Desde luego, sus promotores originales -críticos ideológicos del diseño previsional chileno de capitalización individual- habían estado en la búsqueda de una validación política para iniciar el desguace del modelo de AFP’s, tras 40 años de funcionamiento y el inicio masivo de pagos de jubilaciones, la mayoría de las cuales resultó ampliamente insatisfactoria. Más que condenar el modelo, el fiasco fue resultado tanto de la ceguera de sus administradores, como de la propia clase política, quienes no previeron la necesidad de aumentar el 10% inicial de cotización paulatinamente hasta el 20% que obligaban las antigua cajas y/o de un aumento gradual de años de cotización.

La insatisfacción se extendió tan rápido como crecía el número de jubilados con pensiones bajas, lo que impactó en centenares de miles de hogares, alterando el ánimo y provocando protestas que se unieron a otra decenas de demandas que, por esos días del 2019, se expresaban desordenadamente en variados ámbitos de un descontento manifestado libremente de una democracia activa y participativa, pero enervada por el develamiento de corrupción y delitos de elites empresariales, religiosas, militares, políticas y tecnocráticas que no practicaban lo que predicaban.

La fusión entre una ciudadanía descontenta y grupos de audaces compuestos por el anarquismo, maximalistas de izquierda y delincuencia, hicieron estallar esa rabia el 18 el octubre con una secuela de costos en vidas, heridos graves y daños a la propiedad pública y privada que ha significado al país la pérdida de un capital físico que supera los US$ 3.500 millones, es decir, un año de financiamiento de educación terciaria gratuita.

Una clase política desprestigiada y sin liderazgo, enfrentada a fuertes presiones sociales sostenidas por constantes asaltos y quema de comercio, comisarías, iglesias, movilización colectiva y otros bienes públicos y privados; y un Gobierno atrapado entre su mandato de restaurar el orden y un control opositor e institucional que, no obstante el estado de emergencia, circunscribía el actuar de policías y FF.AA., dificultó una pronta pacificación, extendiendo la anarquía a casi todo el país.  Solo semanas después, el 15 de noviembre, se logró un acuerdo en el que, indiciariamente, el tema de una nueva constitución se puso en el corazón de la apuesta. Sobre las medidas económicas y sociales pertinentes a las demandas mismas que llevaron a la calle a millones, quedaron para resolverse más adelante o bajo el imperio de la nueva carta.

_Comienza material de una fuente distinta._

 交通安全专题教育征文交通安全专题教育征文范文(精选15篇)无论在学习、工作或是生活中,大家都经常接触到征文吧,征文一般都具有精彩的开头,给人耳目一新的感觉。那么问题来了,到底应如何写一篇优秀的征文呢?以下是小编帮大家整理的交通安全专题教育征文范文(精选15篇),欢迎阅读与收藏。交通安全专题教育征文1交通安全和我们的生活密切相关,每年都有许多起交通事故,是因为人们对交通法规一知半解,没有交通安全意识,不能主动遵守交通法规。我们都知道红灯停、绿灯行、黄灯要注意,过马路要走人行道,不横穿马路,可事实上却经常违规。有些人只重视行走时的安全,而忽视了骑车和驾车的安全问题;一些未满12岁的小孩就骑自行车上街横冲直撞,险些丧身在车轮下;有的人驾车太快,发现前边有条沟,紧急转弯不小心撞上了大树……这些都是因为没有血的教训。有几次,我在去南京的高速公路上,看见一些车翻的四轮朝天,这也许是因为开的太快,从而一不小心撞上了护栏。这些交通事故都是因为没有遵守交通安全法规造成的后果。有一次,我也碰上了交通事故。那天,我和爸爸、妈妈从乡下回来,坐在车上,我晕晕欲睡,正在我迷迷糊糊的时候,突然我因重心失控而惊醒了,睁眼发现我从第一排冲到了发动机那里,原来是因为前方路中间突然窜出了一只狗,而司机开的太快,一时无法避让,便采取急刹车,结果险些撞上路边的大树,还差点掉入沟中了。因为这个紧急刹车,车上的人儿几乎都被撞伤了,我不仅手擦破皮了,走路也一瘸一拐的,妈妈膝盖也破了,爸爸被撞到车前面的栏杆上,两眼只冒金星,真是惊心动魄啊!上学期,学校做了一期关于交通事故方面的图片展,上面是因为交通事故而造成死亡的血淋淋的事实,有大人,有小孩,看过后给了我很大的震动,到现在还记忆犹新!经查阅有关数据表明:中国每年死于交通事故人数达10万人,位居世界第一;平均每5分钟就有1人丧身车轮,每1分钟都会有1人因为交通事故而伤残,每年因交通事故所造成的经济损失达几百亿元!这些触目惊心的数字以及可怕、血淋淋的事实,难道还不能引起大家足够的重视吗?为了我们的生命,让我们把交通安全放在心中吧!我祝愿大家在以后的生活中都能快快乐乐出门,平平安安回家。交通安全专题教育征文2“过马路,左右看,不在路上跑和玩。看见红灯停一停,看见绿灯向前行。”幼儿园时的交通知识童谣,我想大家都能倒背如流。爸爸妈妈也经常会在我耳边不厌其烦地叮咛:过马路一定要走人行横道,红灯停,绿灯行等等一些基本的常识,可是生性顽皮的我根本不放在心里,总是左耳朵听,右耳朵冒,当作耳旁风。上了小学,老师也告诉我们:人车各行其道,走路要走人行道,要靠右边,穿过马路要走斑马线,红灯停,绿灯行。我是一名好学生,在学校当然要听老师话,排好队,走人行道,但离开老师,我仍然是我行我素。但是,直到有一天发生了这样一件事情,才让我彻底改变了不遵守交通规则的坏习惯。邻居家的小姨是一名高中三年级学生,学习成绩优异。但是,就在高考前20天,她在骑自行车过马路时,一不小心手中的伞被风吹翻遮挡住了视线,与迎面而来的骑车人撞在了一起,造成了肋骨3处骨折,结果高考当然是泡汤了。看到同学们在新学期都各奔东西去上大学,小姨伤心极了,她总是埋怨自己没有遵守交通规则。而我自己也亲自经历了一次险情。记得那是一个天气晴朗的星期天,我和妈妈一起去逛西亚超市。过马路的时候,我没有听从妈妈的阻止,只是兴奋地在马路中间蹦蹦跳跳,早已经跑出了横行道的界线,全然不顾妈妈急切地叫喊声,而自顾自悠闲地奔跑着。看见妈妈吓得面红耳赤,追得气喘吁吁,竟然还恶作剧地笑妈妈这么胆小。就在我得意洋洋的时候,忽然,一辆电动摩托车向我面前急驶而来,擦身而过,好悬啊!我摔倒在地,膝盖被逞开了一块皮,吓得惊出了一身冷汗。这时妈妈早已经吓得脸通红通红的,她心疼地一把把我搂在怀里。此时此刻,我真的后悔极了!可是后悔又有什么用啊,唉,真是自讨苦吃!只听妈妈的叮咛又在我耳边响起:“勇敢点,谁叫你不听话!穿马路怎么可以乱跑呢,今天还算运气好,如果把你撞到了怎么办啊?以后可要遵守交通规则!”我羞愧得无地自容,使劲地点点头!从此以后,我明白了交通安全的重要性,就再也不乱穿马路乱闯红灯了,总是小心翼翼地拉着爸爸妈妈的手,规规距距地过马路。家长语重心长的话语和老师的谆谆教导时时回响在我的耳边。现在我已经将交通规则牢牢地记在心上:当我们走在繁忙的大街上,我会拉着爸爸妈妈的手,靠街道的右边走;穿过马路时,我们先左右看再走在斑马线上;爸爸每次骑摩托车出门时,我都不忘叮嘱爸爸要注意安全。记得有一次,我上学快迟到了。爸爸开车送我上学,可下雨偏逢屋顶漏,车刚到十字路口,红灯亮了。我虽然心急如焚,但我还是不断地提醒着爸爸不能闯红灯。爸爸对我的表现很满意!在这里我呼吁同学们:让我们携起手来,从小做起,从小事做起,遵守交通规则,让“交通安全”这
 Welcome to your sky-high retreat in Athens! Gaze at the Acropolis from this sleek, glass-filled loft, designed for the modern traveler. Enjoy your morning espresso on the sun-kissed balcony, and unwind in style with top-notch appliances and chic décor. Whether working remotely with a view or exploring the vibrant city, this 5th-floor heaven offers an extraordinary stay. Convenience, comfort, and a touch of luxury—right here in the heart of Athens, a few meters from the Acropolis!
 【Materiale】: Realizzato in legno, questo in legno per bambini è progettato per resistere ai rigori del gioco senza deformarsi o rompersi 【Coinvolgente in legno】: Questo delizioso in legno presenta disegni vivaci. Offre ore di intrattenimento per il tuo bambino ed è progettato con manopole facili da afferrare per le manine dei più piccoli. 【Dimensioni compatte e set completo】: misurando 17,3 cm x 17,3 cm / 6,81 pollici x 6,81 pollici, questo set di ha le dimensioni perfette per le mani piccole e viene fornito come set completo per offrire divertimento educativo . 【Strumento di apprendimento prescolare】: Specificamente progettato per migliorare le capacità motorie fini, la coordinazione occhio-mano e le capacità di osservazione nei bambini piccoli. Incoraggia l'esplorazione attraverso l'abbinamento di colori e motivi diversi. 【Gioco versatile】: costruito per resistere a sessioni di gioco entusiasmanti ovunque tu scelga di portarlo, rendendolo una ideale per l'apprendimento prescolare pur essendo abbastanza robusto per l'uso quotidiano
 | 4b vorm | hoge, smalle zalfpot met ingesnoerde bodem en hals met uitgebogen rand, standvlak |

Pero, como era de prever, los desórdenes continuaron, pues eran protagonizados por grupos y movimientos que no responden a las directivas de los partidos políticos, y solo amainaron con el arribo de una crisis aún mayor, la pandemia, que ha agravado aún más la mala posición socioeconómica que Chile ya mostraba en marzo de 2020.

Limitado por un Congreso que se ha negado a legislar según las prioridades del Ejecutivo, imponiendo su propia agenda, apoyada su mayoría opositora en un “parlamentarismo de facto”, el Gobierno ha tenido reacciones tardías, hecho que aprovechó la oposición para reponer su estrategia anti AFP y mediante un resquicio jurídico que les permitió sobrepasar las facultades presidenciales, promovió el retiro de 10% de los ahorros previsionales. Un acto que, reconociéndose mayoritariamente lesivo para las pensiones de quienes se jubilarán en los próximos años, se aprobó casi horizontalmente, aunque bajo el compromiso de que sería uno solo y para enfrentar la crisis de salud que ha paralizado la economía de Chile y el mundo.

Sin embargo, como se sabe, rápidamente un sector de los legisladores -buscando ese esquivo y perdido aprecio ciudadano que es su capital- cayeron en la tentación del segundo y ya se ha insinuado un tercero.

Resulta curioso que, en ese marco, los promotores del retiro del 10% y defensores del proceso de desarme de las AFP estén ya advirtiendo que los ciudadanos que se quedaron sin ahorros para la vejez deberán ser protegidos por el Estado, pues, para eso se pagan impuestos. El Estado, es pues, la esperanza del mañana.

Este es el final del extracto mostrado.